According to Steve Lombardi, senior vice president of Marketing at Helicos, “If you had perfect chemistry, and each step was 99.99%, the instrument would generate 100 billion bases a day. The instrument is being designed for that throughput, but the first-generation chemistry will have a smaller yield—around 600 megabases per day.” Improvements in chemistry could move Helicos to the $1,000 genome “in the first few years,” he claims—well ahead of the NHGRI goal of 2014.

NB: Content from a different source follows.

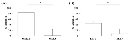 Inhibitory effects of Lianqiao (A) water and (B) ethanol extracts at different concentrations on binding interaction between SARS-CoV-2 spike protein and ACE2. WE33.3 and WE3.3 stand for the water extracts at concentrations of 33.3 and 3.3 mg dry Lianqiao equivalents/mL in the testing mixture, respectively. EE3.3 and EE1.7 stand for ethanol extracts at concentrations of 3.3 and 1.7 mg dry Lianqiao equivalents/mL in the testing mixture, respectively. Results are expressed as mean ± SD of experiments performed in triplicate, and values are on a dry botanical weight basis. * indicates significant differences (p < 0.05).

Over its three-year history, Helicos has raised $67 million in venture funding; the figure for Solexa was well over $100 million. Venture capitalists' appetite for these technologies is still strong. In December 2006, Pacific Biosciences of Menlo Park, California, raised $50 million in venture capital to further develop its single-molecule detection system, first published in 2003 (Science 299, 682–686, 2003). Others are combining forces to gain the resources and technology breadth to compete. Also in December, NABsys, Inc. of Providence, Rhode Island, which has a $1,000 genome technology with a three-year delivery goal, according to CEO Barret Bready, acquired GeneSpectrum, merging its nanopore technology with GeneSpectrum's DNA hybridization technology to create hybridization-assisted nanopore sequencing.